Minor v. Mapes

Decision Date19 February 1912
Citation144 S.W. 219,102 Ark. 351
PartiesMINOR v. MAPES
CourtArkansas Supreme Court

Appeal from Garland Circuit Court; Calvin T. Cotham, Judge affirmed.

Judgment affirmed.

Greaves & Martin, for appellant.

1. While the driver of an automobile is required to use all the care and caution which a careful and prudent person would exercise under the same circumstances, yet he has the right to assume, and act upon the assumption, that others using the highway will also exercise a like caution and not recklessly expose themselves to danger. It is only when a driver realizes that a footman is in a position of danger that he is required to exercise additional care to avoid a collision. 77 N.Y.S. 276.

Automobile drivers and pedestrians have equal rights to the use of the streets, and each is bound to exercise ordinary care for his own safety and to prevent injury to others. Millsaps v Brogden, 97 Ark. 469. Under the rule laid down in this case, appellant was not negligent.

2. From appellee's own statement, he was guilty of contributory negligence, and the court should so have charged the jury. 76 Ark. 12; 95 Ark. 192. It was his duty in crossing the street to look along the street in the vicinity of the crossing, in both directions for a reasonable distance for coming vehicles 45 N.Y. 191, 6 Am. Rep. 66; 30 Am. Rep. 620; Beach on Contributory Negligence, §§ 268-9; 58 N.Y. 631; Thomas, Negligence, 1140, 19 L. R. A. (N. S.) 160; 22 Id. 470.

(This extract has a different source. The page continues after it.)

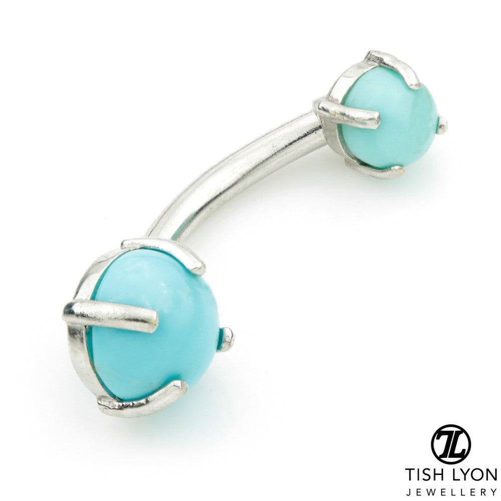 TISH LYON® - Prong Cabochon Turquoise Gold Round Navel Turquoise Grade: A+ stone cabochon 6mm (main stone) / 4mm (top stone) Turquoise (Natural Stone) Size: 1.6mm x 8mm or 10mm Belly Bars Do Not Autoclave (stone may crack with heat) Laser Mark - 14K TL

3. Under the facts in the case the appellant is not liable unless because of the relation of husband and wife. His prima facie liability because of that relation is a mere presumption such as could be overcome by proof, and there was evidence to overcome such presumption is this case. 44 Ark. 401; 86 Ark. 130. Since the court could from the evidence say as a matter of law that the prima facie presumption had been overcome by sufficient evidence, it should have instructed a verdict for the appellant. 75 Ark. 406, 409; 71 Ark. 445; 33 Ark. 146.

Appellee, pro se.

1. Appellant was guilty of gross negligence in running the automobile at excessive speed so near to the street car at a time when he knew that the street car had stopped to receive and discharge passengers, instead of running at a reasonable speed and a reasonable distance from the car track. 99 S.W. 247, 30 Ky. L. Rep. 500, 8 L. R. A. (N. S.) 1228. Appellant should have kept his automobile under such control that he could have readily stopped it in case of an emergency. He was under the duty to exercise all the care and caution which a careful and prudent driver would have exercised under the circumstances--the care commensurate with the known or reasonably to be apprehended danger. 77 N.Y.S. 276; 22 L. R. A. 635; 94 Ind. 72, 75; 39 Md. 243, 249; 81 Mo.App. 155, 163; 5 N.Y.Misc. 209, 210, 25 N.Y.S. 91; 54 Pa.St. 345; 93 Am. Dec. 708; 117 N.W. 531, 534.

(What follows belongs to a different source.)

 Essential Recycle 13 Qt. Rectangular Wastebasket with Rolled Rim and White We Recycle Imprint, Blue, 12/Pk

2. There is no proof of contributory negligence on the part of appellee. Pedestrians have the same rights in the streets as vehicles. One is not required to stop and look in both directions before attempting to cross a street, and the law only requires of him that he act with ordinary prudence, and he has the right to presume, and act upon the presumption, that others will exercise the same prudence. 65 A. 778, 780; 67 A. 87.

3. The ownership of the automobile is not material, and the fact that his wife was driving it does not relieve him from liability. 44 Ark. 401.

OPINION

MCCULLOCH, C. J.

Appellee sued appellant in the circuit court of Garland County to recover damages on account of personal injuries resulting from alleged negligence on the part of appellant in driving an automobile, or causing it to be driven, along Central Avenue in the city of Hot Springs. Appellant and his wife were in the machine at the time, the latter driving. Appellee alighted from a street car, at the front end of it, which was customary, and started across the track in front of the car to go to the opposite side of the street. He hesitated at first, but the motorman told him to go ahead, and he proceeded to cross. As he stepped beyond the end of the car, the automobile, which was running at a speed of ten or twelve miles per hour struck him and knocked him down. He was just stepping on the other track, about four feet from the street car, when the automobile struck him. It was a rainy day, and he had his umbrella raised and was walking rapidly. He testified that the street car obstructed the view down the street, and that as he passed the car he looked down the street but didn't see the automobile approaching, and failed to see it until too late to get out of the way. There was a space of sixty feet between the street car and the other side of the street.

Appellant testified that he purchased the machine, and gave it to his wife for her own use--that she drove it herself, and that he never attempted to drive and knew nothing about handling a machine of that kind. There was testimony to the effect that appellant paid the city vehicle license fee for operating the machine.

The verdict was in appellee's favor for recovery of damages.

It is insisted that the evidence fails to establish negligence on the part of appellant, and that the undisputed evidence shows negligence on the part of appellee which bars recovery. We think that on both of those issues the verdict is sustained by sufficient evidence.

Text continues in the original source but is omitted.